- **TO DO**: Search the listing below for the line containing "市工商局及东营工商分局利用多". From there through the line containing "党十四届五中全会通过的《建议", transcribe every line exactly, both ends included.

- **EXCERPTED RECORDS**:
◇ ◇ ◇

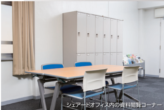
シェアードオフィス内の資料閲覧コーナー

◇ ◇ ◇

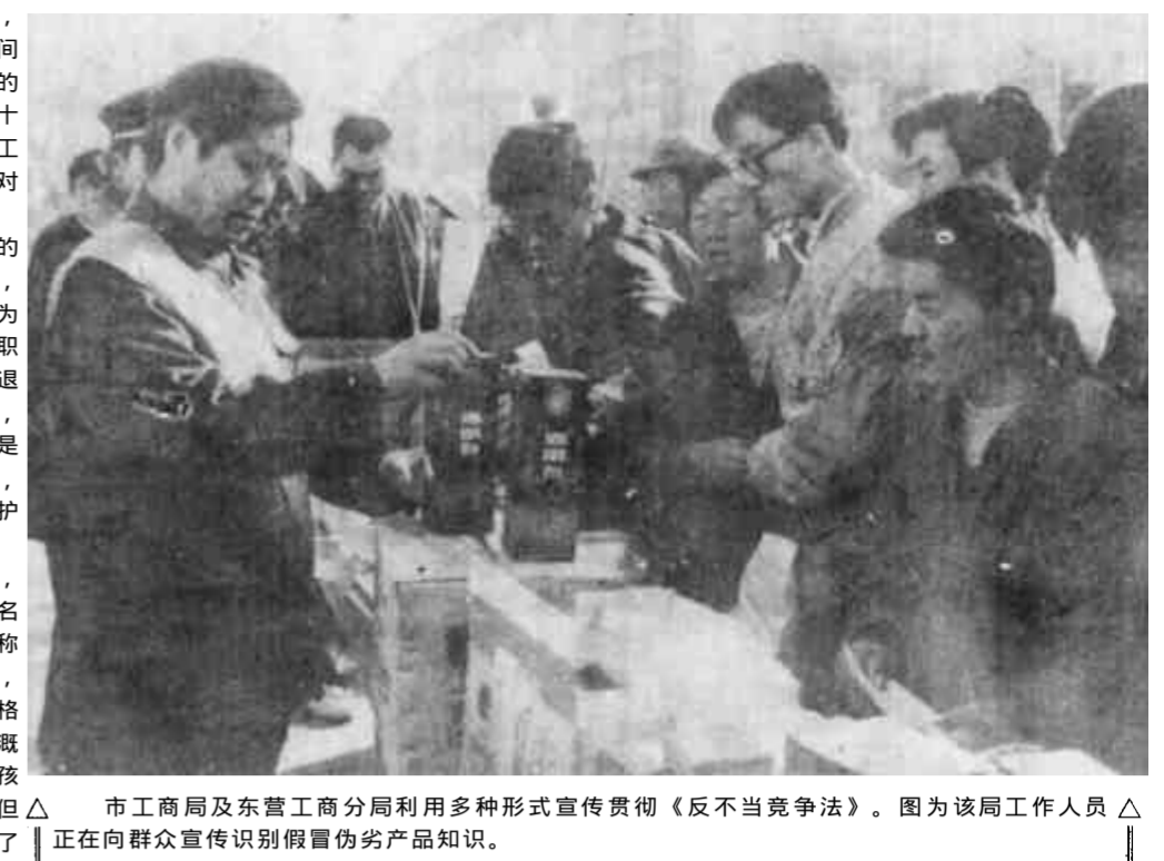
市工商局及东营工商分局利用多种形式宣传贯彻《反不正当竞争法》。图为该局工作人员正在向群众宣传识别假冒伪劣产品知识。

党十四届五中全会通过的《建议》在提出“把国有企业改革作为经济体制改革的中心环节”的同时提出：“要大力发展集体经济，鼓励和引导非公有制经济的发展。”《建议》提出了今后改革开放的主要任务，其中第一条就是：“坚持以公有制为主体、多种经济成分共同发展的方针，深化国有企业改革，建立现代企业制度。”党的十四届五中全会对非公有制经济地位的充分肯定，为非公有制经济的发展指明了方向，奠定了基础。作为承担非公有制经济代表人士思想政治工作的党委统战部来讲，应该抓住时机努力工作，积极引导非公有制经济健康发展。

◇ ◇ ◇

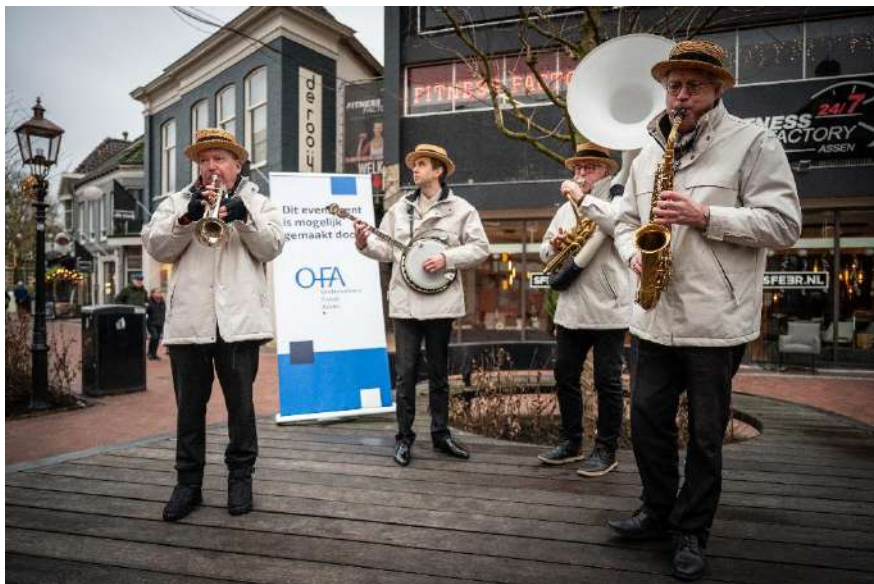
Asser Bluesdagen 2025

◇ ◇ ◇

- **WRITTEN REPLY**:
市工商局及东营工商分局利用多种形式宣传贯彻《反不正当竞争法》。图为该局工作人员正在向群众宣传识别假冒伪劣产品知识。

党十四届五中全会通过的《建议》在提出“把国有企业改革作为经济体制改革的中心环节”的同时提出：“要大力发展集体经济，鼓励和引导非公有制经济的发展。”《建议》提出了今后改革开放的主要任务，其中第一条就是：“坚持以公有制为主体、多种经济成分共同发展的方针，深化国有企业改革，建立现代企业制度。”党的十四届五中全会对非公有制经济地位的充分肯定，为非公有制经济的发展指明了方向，奠定了基础。作为承担非公有制经济代表人士思想政治工作的党委统战部来讲，应该抓住时机努力工作，积极引导非公有制经济健康发展。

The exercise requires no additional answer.